### WHAT IS REQUIRED
Verbatim output of the lines below is required, with the images omitted.

*** Opening INPUT DATA ***

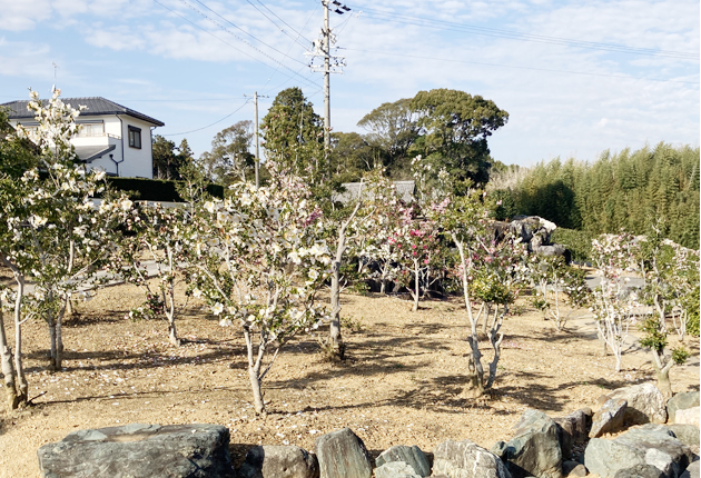 寺には、境内と「さざんか園」に300種4000本のサザンカが植えられている。そのシンボルが樹齢250年のサザンカ。3分咲きほどで、ピーク時には辺り一面をピンク色に染める。赤や白のほか、八重咲きなど多種多彩だ。
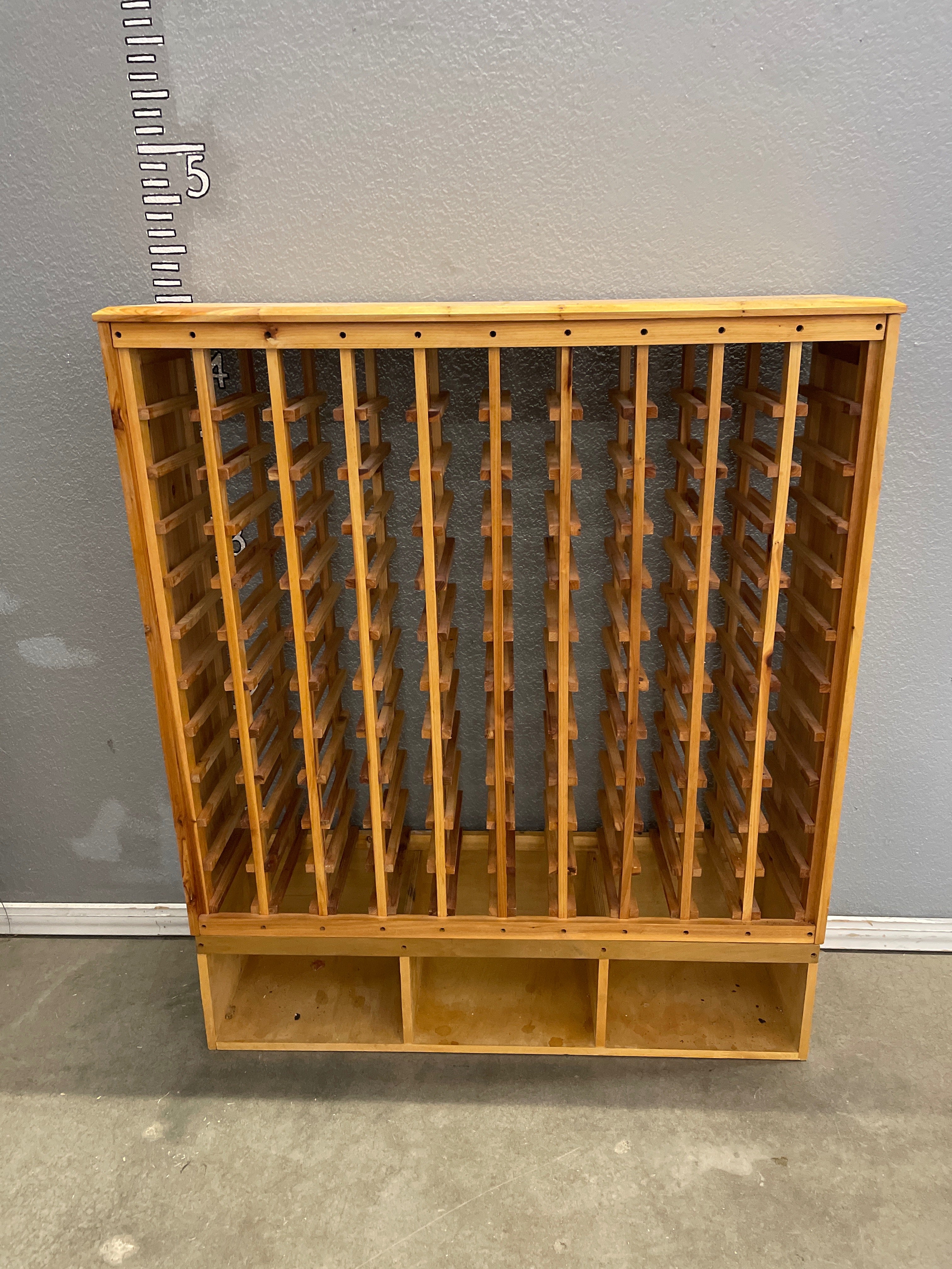 Natural finish wooden wine rack with a sturdy pine wood construction. Perfect for organizing and displaying your wine collection. Approximate Size: 4 x 3.5 x 1
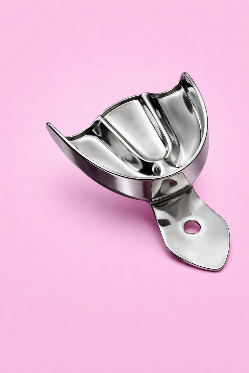 Cubeta fabricada en acero inoxidable, diseñada para la toma de impresiones dentales con materiales elastoméricos o similares. No desechable y apta para esterilización, ofrece resistencia, estabilidad y durabilidad para uso clínico profesional.
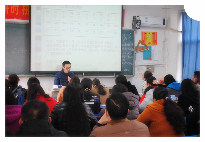 在月考分析会的第二天下午四点,各班又召开了中考动员家长会,为家长们讲解了中考网上报名的操作流程,并针对体育加试和实验加试的具体事宜进行了细致地讲解,也顺势对我集团校的国际部、双语国际、实验学校的招生优惠政策进行了宣传,廓清了家长们心中的困惑,也为接下来的相关工作打下了坚实的基础。
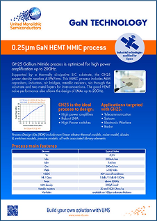 The foundry flow, layout rules and specifications related to GaN are also addressed. A lecture is given on process qualification and the space level. All available back-end activities (on wafer test, dicing and picking) are discussed prior to a BE tour. The training is completed with a discussion on different packaging solutions developed at UMS.
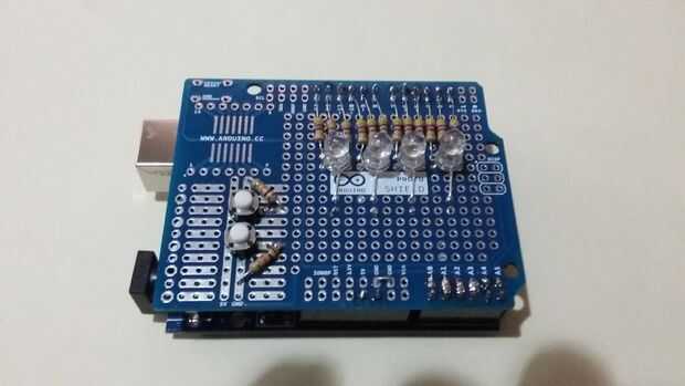 Introducir el PCB en el Arduino de nuevo, estás listo para pensar en instalar el Hardware de montaje del LED en el LED RGB.
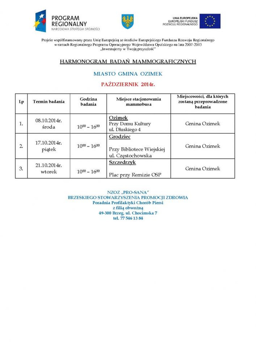 Zapraszamy wszystkie Panie w wieku 50 – 69 lat , które przez ostatnie 2 lata nie miały wykonanej mammografii. Na badanie należy zgłosić się z dowodem osobistym oraz zdjęciami z ostatniego badania.
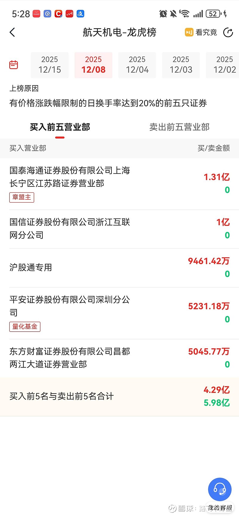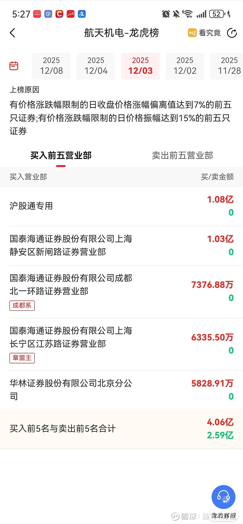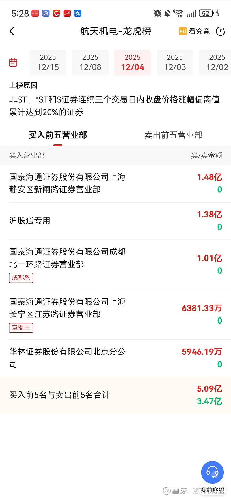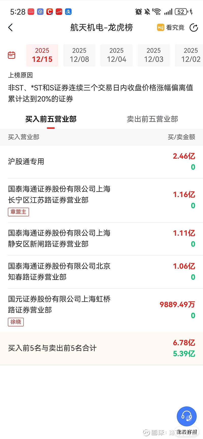 顶级游资章盟主,今天又大幅买入了航天机电,他从12月3号开始买入,持续4个交易日大幅买入,看来盟主是很看好航天机电。
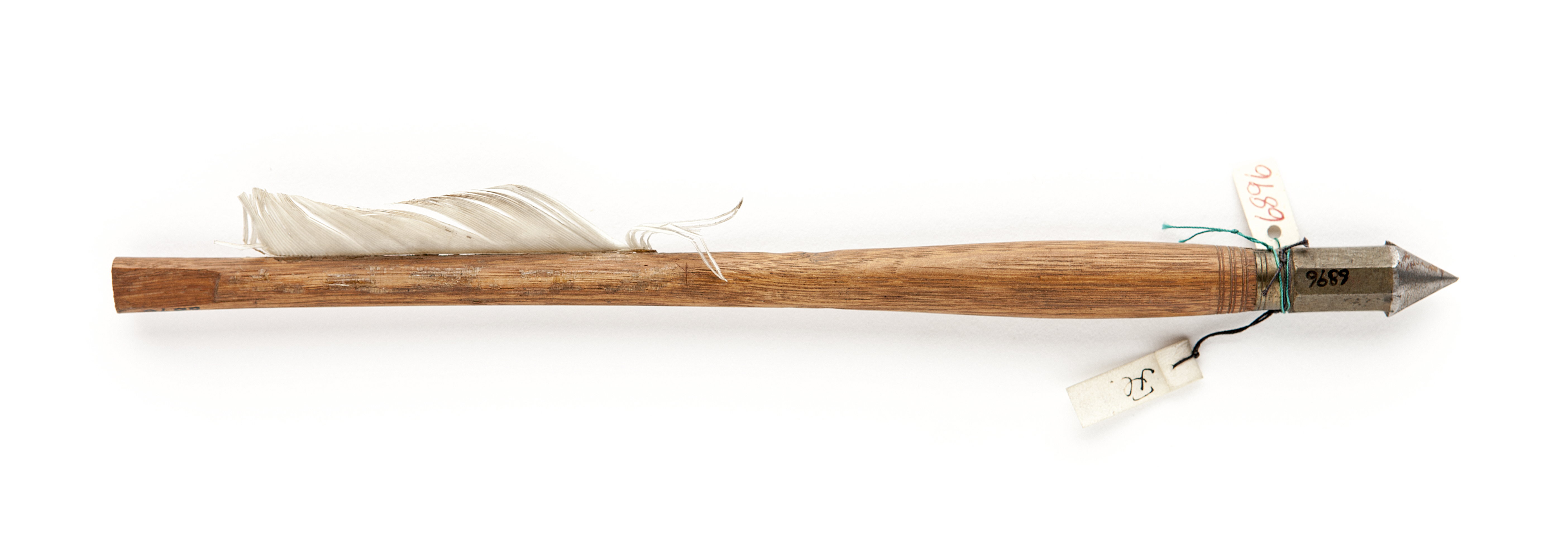 Cylindrisk, åttkantig, framtill konisk spets med ringformigt beslag. Cylindern och beslaget av mässing, spetsen av stål. Skaft av trä med runt tvärsnitt något spolformigt, baktill plant på två sidor med en vinge av vingpenna.
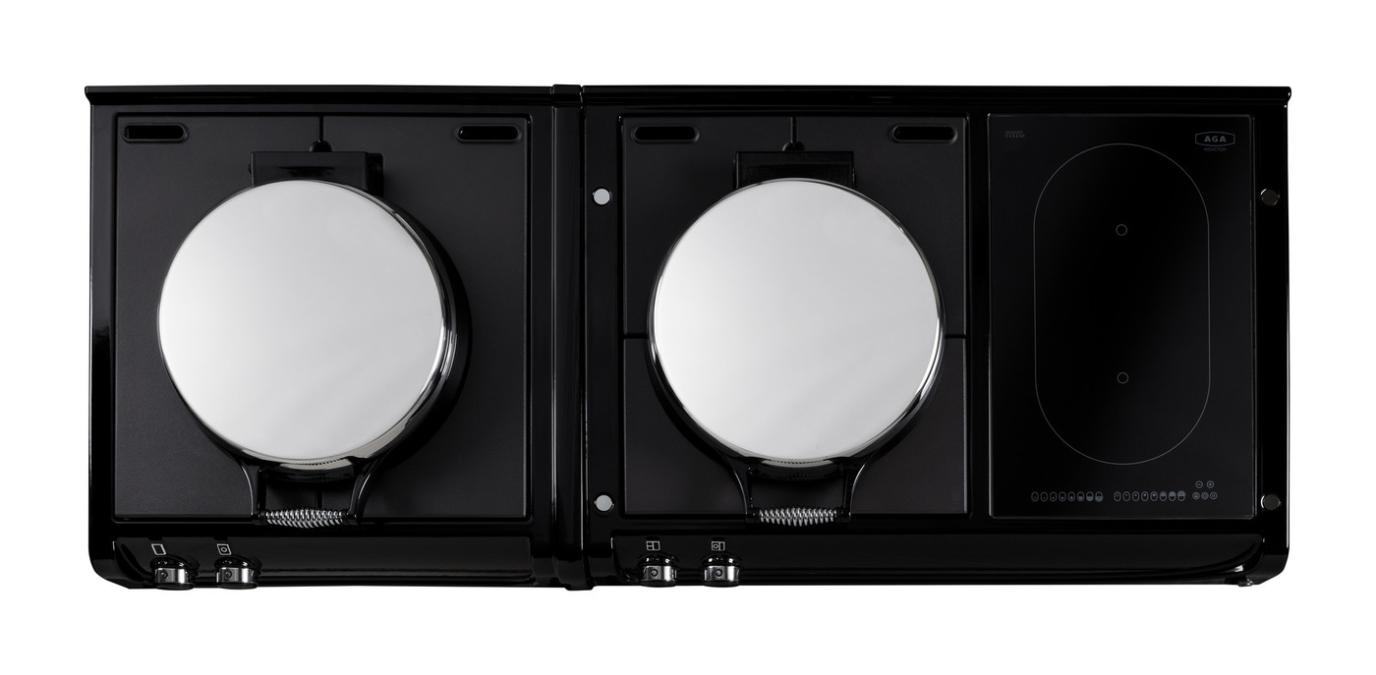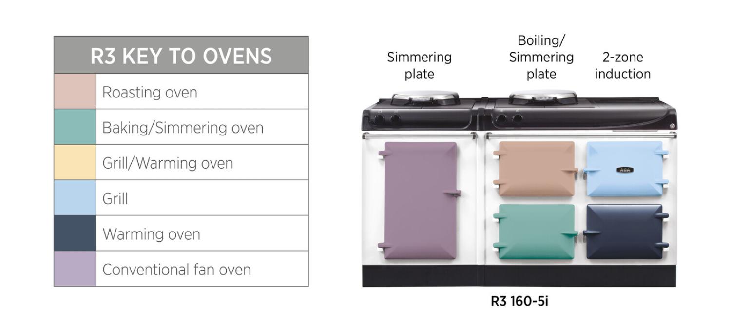 The AGA R3 Series 160 features a cast-iron heat storage roasting oven, an enamelled baking/simmering oven as well as a warming oven and an integrated, infrared grill. This model also features an iconic AGA hotplate, which can be used for boiling or simmering, and a state-of-the-art two-zone induction hob.
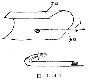 将一根火柴和一根缝被的大针并在一起,用包香烟的铝箔将它们紧紧地包裹起来,再将有火柴头的一端的铝箔弯折过来密封捻紧,如图1.44-1所示。然后在靠近尾部的地方装上定向尾翼,把针拔出,就成了一个很简单的反冲火箭。
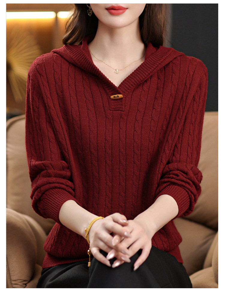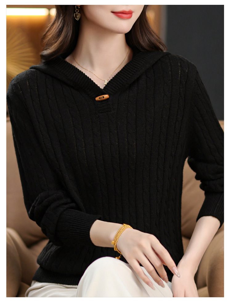 FCY  92173麻花毛衣连帽复古慵懒宽松软糯针织衫 商品图1
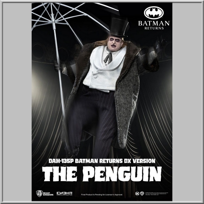 Un must per i fan e i collezionisti di Batman Returns, questa figura del Pinguino DX incarna l'astuzia, il carisma e l'indimenticabile minaccia della mente criminale di Gotham. Aggiungilo alla tua collezione... se ne hai il coraggio!
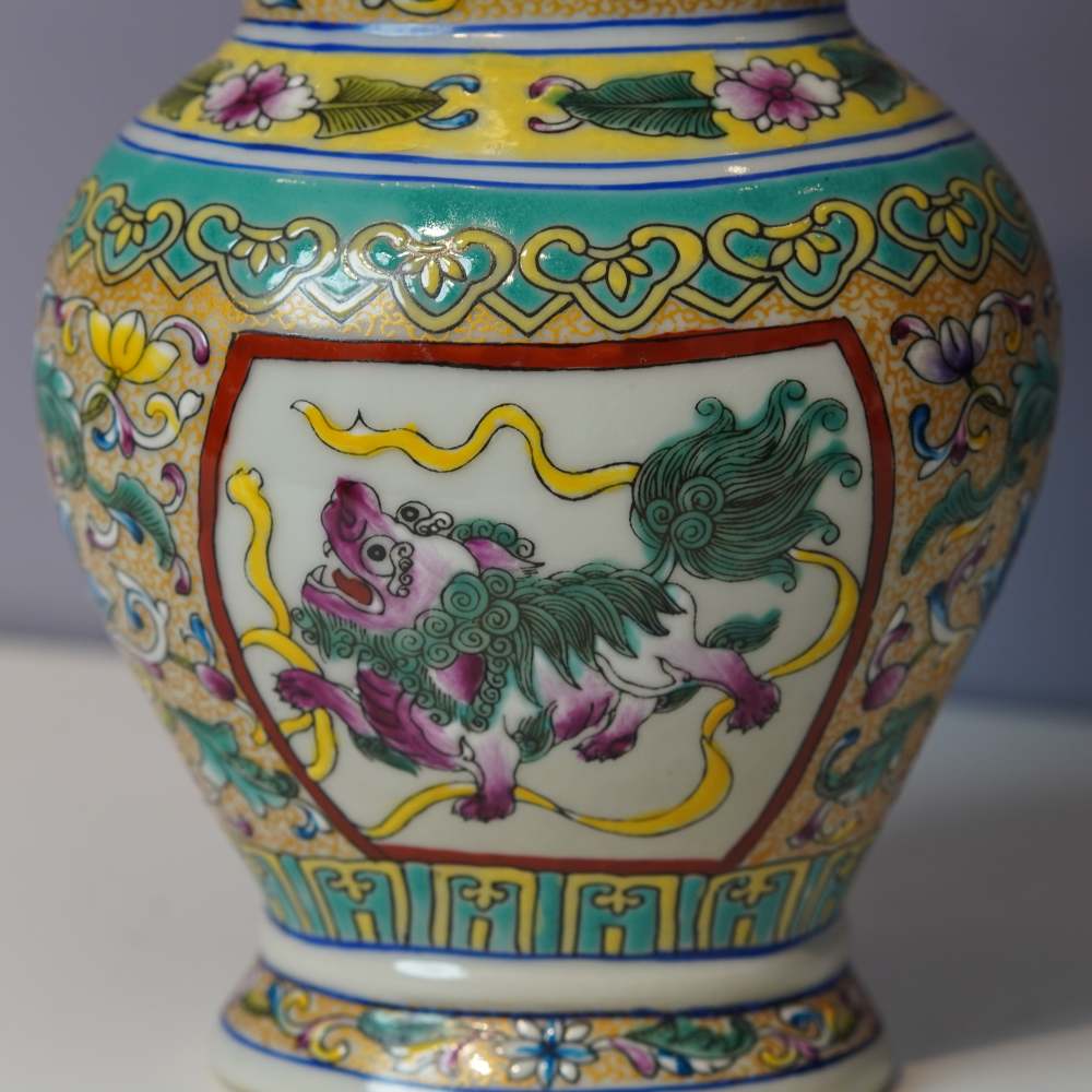 首页 / 仿古瓷 / 仿古瓷 / 珐琅彩瑞狮献果花口尊

*** Closing INPUT DATA ***

### THE COMPLETED TASK
 寺には、境内と「さざんか園」に300種4000本のサザンカが植えられている。そのシンボルが樹齢250年のサザンカ。3分咲きほどで、ピーク時には辺り一面をピンク色に染める。赤や白のほか、八重咲きなど多種多彩だ。
 Natural finish wooden wine rack with a sturdy pine wood construction. Perfect for organizing and displaying your wine collection. Approximate Size: 4 x 3.5 x 1
 Cubeta fabricada en acero inoxidable, diseñada para la toma de impresiones dentales con materiales elastoméricos o similares. No desechable y apta para esterilización, ofrece resistencia, estabilidad y durabilidad para uso clínico profesional.
 在月考分析会的第二天下午四点,各班又召开了中考动员家长会,为家长们讲解了中考网上报名的操作流程,并针对体育加试和实验加试的具体事宜进行了细致地讲解,也顺势对我集团校的国际部、双语国际、实验学校的招生优惠政策进行了宣传,廓清了家长们心中的困惑,也为接下来的相关工作打下了坚实的基础。
 The foundry flow, layout rules and specifications related to GaN are also addressed. A lecture is given on process qualification and the space level. All available back-end activities (on wafer test, dicing and picking) are discussed prior to a BE tour. The training is completed with a discussion on different packaging solutions developed at UMS.
 Introducir el PCB en el Arduino de nuevo, estás listo para pensar en instalar el Hardware de montaje del LED en el LED RGB.
 Zapraszamy wszystkie Panie w wieku 50 – 69 lat , które przez ostatnie 2 lata nie miały wykonanej mammografii. Na badanie należy zgłosić się z dowodem osobistym oraz zdjęciami z ostatniego badania.
 顶级游资章盟主,今天又大幅买入了航天机电,他从12月3号开始买入,持续4个交易日大幅买入,看来盟主是很看好航天机电。
 Cylindrisk, åttkantig, framtill konisk spets med ringformigt beslag. Cylindern och beslaget av mässing, spetsen av stål. Skaft av trä med runt tvärsnitt något spolformigt, baktill plant på två sidor med en vinge av vingpenna.
 The AGA R3 Series 160 features a cast-iron heat storage roasting oven, an enamelled baking/simmering oven as well as a warming oven and an integrated, infrared grill. This model also features an iconic AGA hotplate, which can be used for boiling or simmering, and a state-of-the-art two-zone induction hob.
 将一根火柴和一根缝被的大针并在一起,用包香烟的铝箔将它们紧紧地包裹起来,再将有火柴头的一端的铝箔弯折过来密封捻紧,如图1.44-1所示。然后在靠近尾部的地方装上定向尾翼,把针拔出,就成了一个很简单的反冲火箭。
 FCY  92173麻花毛衣连帽复古慵懒宽松软糯针织衫 商品图1
 Un must per i fan e i collezionisti di Batman Returns, questa figura del Pinguino DX incarna l'astuzia, il carisma e l'indimenticabile minaccia della mente criminale di Gotham. Aggiungilo alla tua collezione... se ne hai il coraggio!
 首页 / 仿古瓷 / 仿古瓷 / 珐琅彩瑞狮献果花口尊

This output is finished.